Anduril moreover stays present in the engage stage of the kill chain via its unmanned weapon systems, such as the Bolt-M autonomous attack drones and the Anvil interceptor drones.  

Such close collaborations between the military and AI corporations present some potential complications and conflicts of interest, however. The fact that Anthropic’s Claude is an embedded part of Maven while, at the same time, the company is involved in a conflict with the Pentagon is a vivid example. What happens when the military and government depend on an AI company that they themselves have labeled a supply chain risk? We don’t fully know yet.  

And while this “third revolution” of warfare promises many benefits, they do not come without significant potential tradeoffs or moral and ethical concerns. In many cases, the very advantages themselves are closely intertwined with the risks. 

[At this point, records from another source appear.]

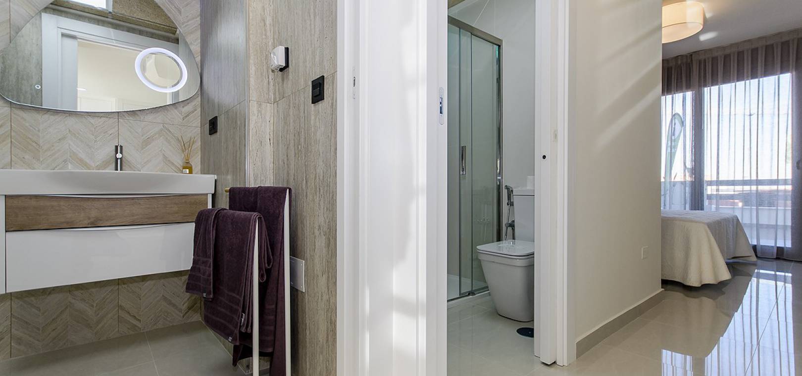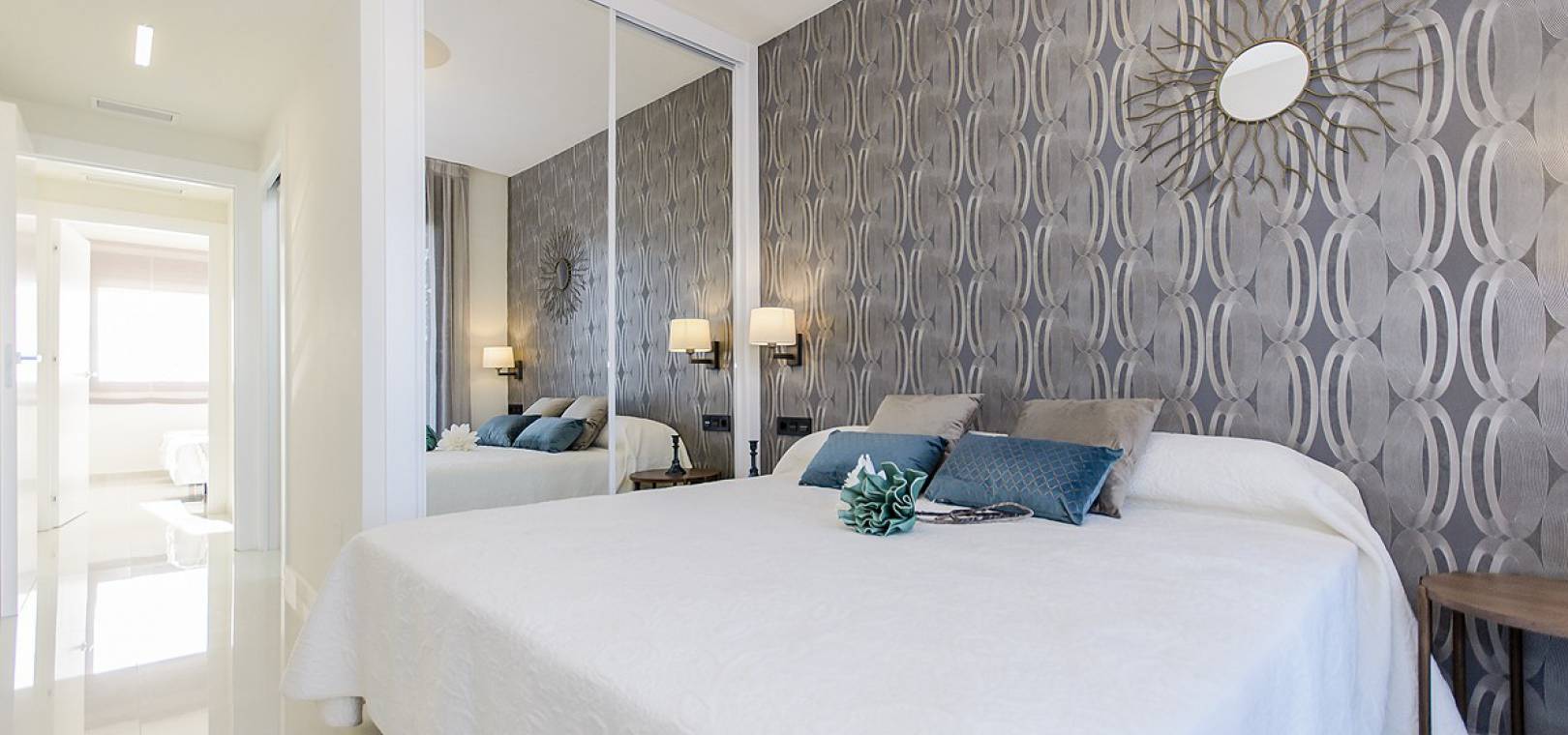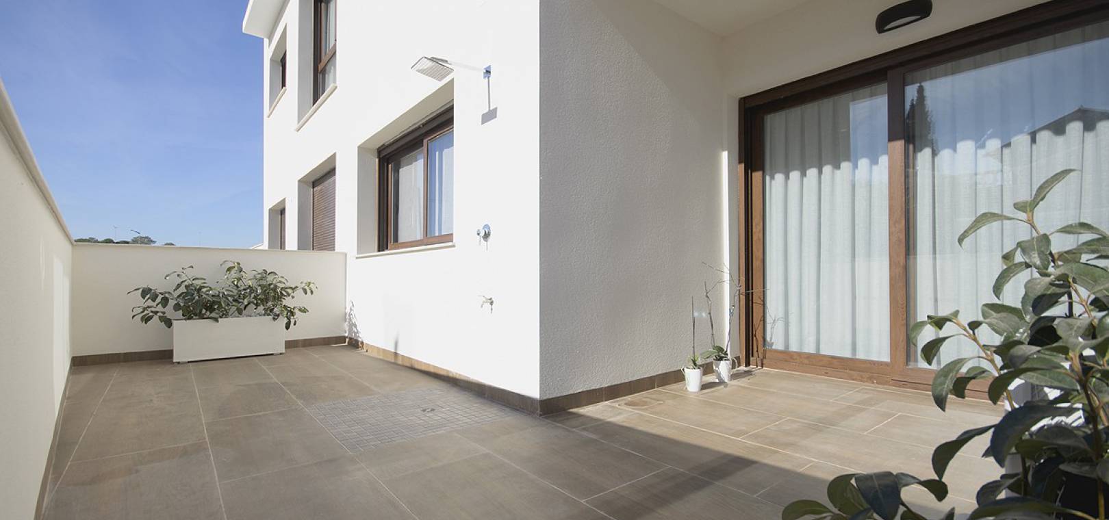Cet appartement au rez-de-chaussée avec 2 chambres se compose d'un séjour ouvert avec portes-fenêtres donnant sur la terrasse et le jardin, d'une cuisine moderne avec des appareils intégrés tels que four, plaque de cuisson, hotte aspirante, réfrigérateur/congélateur, lave-linge, lave-vaisselle et micro-ondes. Buanderie attenante, une chambre principale avec placards et une salle de bain en suite avec accès à la terrasse, une autre chambre double également avec placards et une salle de bain pour invités. Il y a aussi une terrasse arrière accessible depuis la cuisine et la chambre 2.
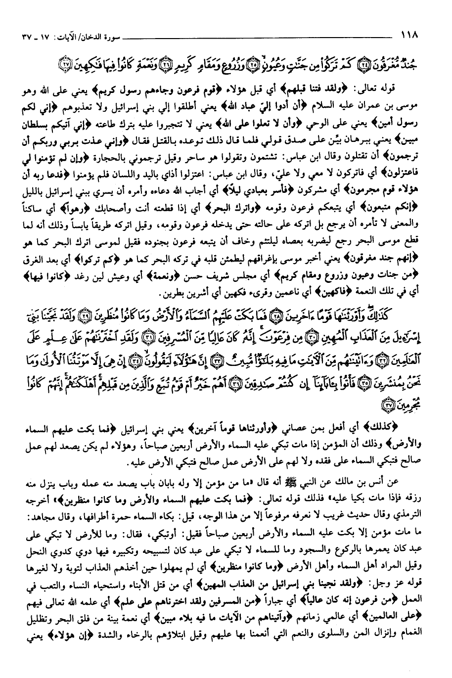 ما مات مؤمن إلا بكت عليه السماء والأرض أربعين صباحا فقيل: أو تبكي، فقال: وما للأرض لا تبكي على عبد كان يعمرها بالركوع والسجود وما للسماء لا تبكي على عبد كان لتسبيحه وتكبيره فيها دوي كدوي النحل وقيل المراد أهل السماء وأهل الأرض وَما كانُوا مُنْظَرِينَ أي لم يمهلوا حين أخذهم العذاب لتوبة ولا لغيرها قوله عز وجل: وَلَقَدْ نَجَّيْنا بَنِي إِسْرائِيلَ مِنَ الْعَذابِ الْمُهِينِ أي من قتل الأبناء واستحياء النساء والتعب في العمل مِنْ فِرْعَوْنَ إِنَّهُ كانَ عالِياً أي جبارا مِنَ الْمُسْرِفِينَ وَلَقَدِ اخْتَرْناهُمْ عَلى عِلْمٍ أي علمه الله تعالى فيهم عَلَى الْعالَمِينَ أي عالمي زمانهم وَآتَيْناهُمْ مِنَ الْآياتِ ما فِيهِ بَلؤُا مُبِينٌ أي نعمة بينة من فلق البحر وتظليل الغمام وإنزال المن والسلوى والنعم التي أنعمنا بها عليهم وقيل ابتلاؤهم بالرخاء والشدة إِنَّ هؤُلاءِ يعني
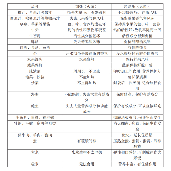 超高壓食品加工是最近10幾年發(fā)展起來(lái)的高新技術(shù)。它在常溫條件下通過(guò) 300-600MPa(3000-6000個(gè)大氣壓)對(duì)食品進(jìn)行加工并使之“熟化”、滅菌、滅病毒、滅蟲(chóng)卵、改善食品品質(zhì)和口感、進(jìn)行有效成分提取等。與傳統(tǒng)的熱加工相比較,超高壓加工在保證食品安全的情況下,最大限度地保護(hù)食品原有的營(yíng)養(yǎng)成分、活性成分和生鮮風(fēng)味,同時(shí)節(jié)能90%以上,因此,它還被稱作“適度加工” 技術(shù)。超高壓技術(shù)(HPP)作為食品加工領(lǐng)域的創(chuàng)新手段,已廣泛應(yīng)用于以下品類:
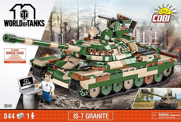 Anlässlich des 10. Jahrestages des Starts von World of Tanks haben COBI und Wargaming ein spezielles Set vorbereitet. Der Granittank IS-7 mit einer charakteristischen Tarnung.

For instance, while AI systems may enhance speed and tactical advantage, they also add the risk of faster escalation. Bombing quicker than “the speed of thought” is not necessarily ideal if it leads to unintended or undesired (from the human perspective) escalation between major powers. 

There is also the risk of AI misalignment, in which an AI’s goals and behaviors diverge from human goals and values due to faulty training, biased data or any number of other factors. While we do not yet know the factors behind the strike on an Iranian girls’ school that resulted in more than 160 people being killed, a tragedy that is still being investigated, the aforementioned risks of AI-enabled warfare can potentially result in similarly tragic incidents.  

The military AI arms race is another concern. As nations develop more advanced AI, both in general and specifically for military applications, other nations will follow suit. What is used by one nation can conversely be used against it. For example, just as the U.S. and Israel have used cyber operations in conjunction with its kinetic ones, the same tactics and AI-enhanced information warfare and influence operations can be used by Iran against them. We know that Iran has the capability to do this, and there are already signs of heightened cyber threat activity.

Of course, this is only skimming the surface. What will be needed is constant vigilance, oversight and accountability in which humans stay meaningfully involved so that the advancements of AI military technology do not outpace the strategic, ethical and legal risks. We do not yet know what the right balance should look like, but Operation Epic Fury may become the first real-world setting where this balance will be tested.  

AI and autonomous weaponry are indeed the future of warfare. And for better or worse (or both), that future is here and now. The hope is that we can keep the scales tilted toward the better.   

Craig Albert, Ph.D., is a professor of political science at Augusta University, with areas of concentration including international security studies, cybersecurity policy, cyberterrorism and cyberwar.